Source material:
════════════════

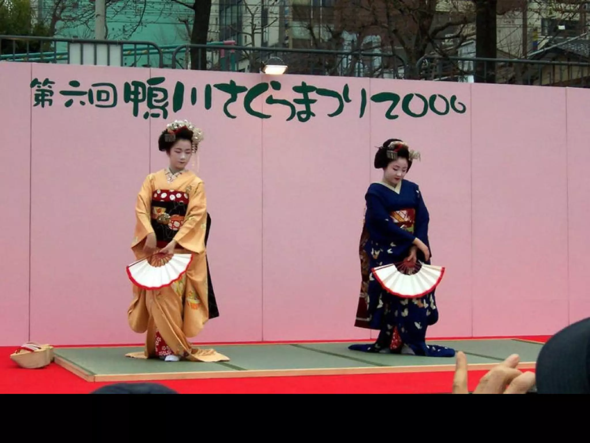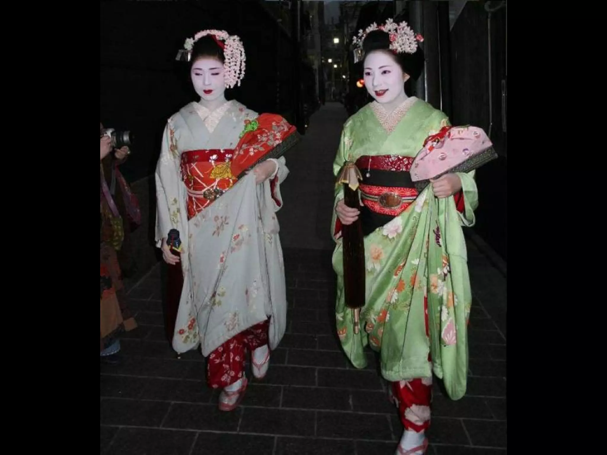 Geisha are female entertainers in Japan who are trained in classical Japanese arts such as music, dance, games, and conversation. They perform various arts for clients and at cultural events and festivals. Geisha are seen as celebrities who are part of the cultural scene, posing for tourists and riding in rickshaws in cities like Kyoto. The document discusses geisha and their role as entertainers through classical Japanese performances.
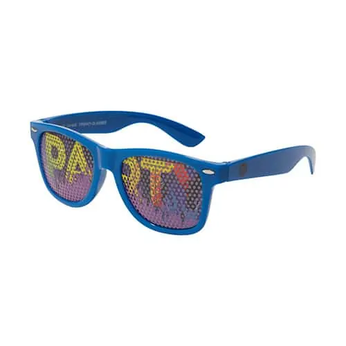 Ces lunettes de soleil à sténopé branchées sont un incontournable pour tout événement et offrent une protection UV-400 (sans effet de diffraction). Les lunettes à sténopé ont une monture bleue avec un design Party multicolore. Cachez vos yeux derrière ces lunettes cool avec des trous à sténopé. Les lunettes parfaites pour la saison des festivals !
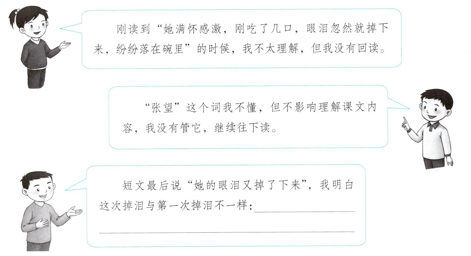 “张望”这个词我不懂,但不影响理解课文内容,我没有管它,继续往下读。
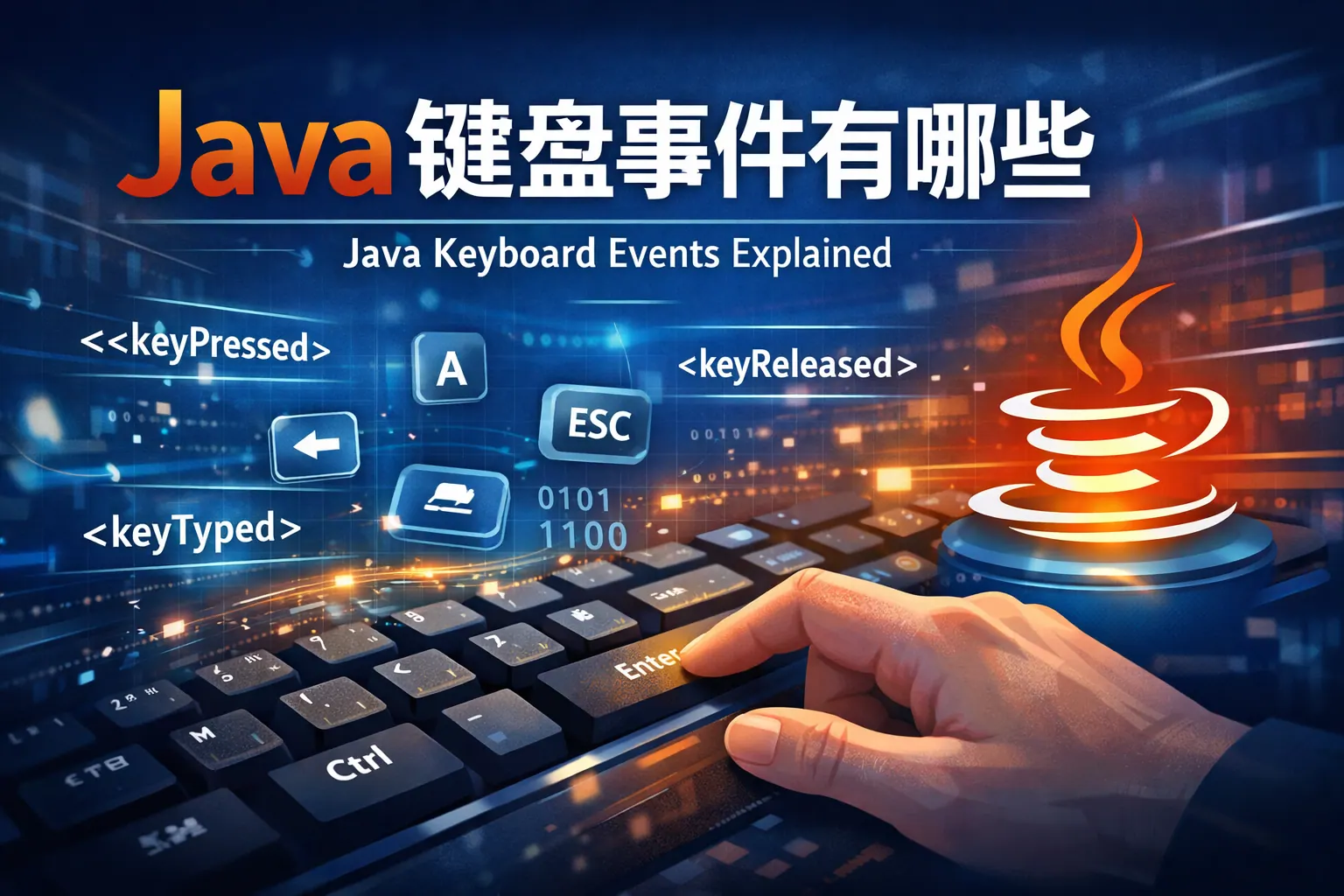 Java 中的键盘事件主要由 KeyEvent 表示,并通过 keyPressed、keyReleased 和 keyTyped 三种形式反映用户的不同键盘操作阶段。KeyListener 和 KeyAdapter 提供了基础监听能力,但在 Swing 应用中更推荐使用 Key Bindings,以获得更好的焦点控制和可维护性。理解按键与字符的区别、事件触发条件以及不同处理机制的适用场景,是正确使用 Java 键盘事件的核心。随着 UI 架构演进,键盘事件处理正逐步向更高层次的意图绑定发展。

════════════════

Instructions to follow:
Whenever images occur above, omit them and retype each line exactly as it stands.

Solution to the exercise:
 Geisha are female entertainers in Japan who are trained in classical Japanese arts such as music, dance, games, and conversation. They perform various arts for clients and at cultural events and festivals. Geisha are seen as celebrities who are part of the cultural scene, posing for tourists and riding in rickshaws in cities like Kyoto. The document discusses geisha and their role as entertainers through classical Japanese performances.
 Ces lunettes de soleil à sténopé branchées sont un incontournable pour tout événement et offrent une protection UV-400 (sans effet de diffraction). Les lunettes à sténopé ont une monture bleue avec un design Party multicolore. Cachez vos yeux derrière ces lunettes cool avec des trous à sténopé. Les lunettes parfaites pour la saison des festivals !
 “张望”这个词我不懂,但不影响理解课文内容,我没有管它,继续往下读。
 Java 中的键盘事件主要由 KeyEvent 表示,并通过 keyPressed、keyReleased 和 keyTyped 三种形式反映用户的不同键盘操作阶段。KeyListener 和 KeyAdapter 提供了基础监听能力,但在 Swing 应用中更推荐使用 Key Bindings,以获得更好的焦点控制和可维护性。理解按键与字符的区别、事件触发条件以及不同处理机制的适用场景,是正确使用 Java 键盘事件的核心。随着 UI 架构演进,键盘事件处理正逐步向更高层次的意图绑定发展。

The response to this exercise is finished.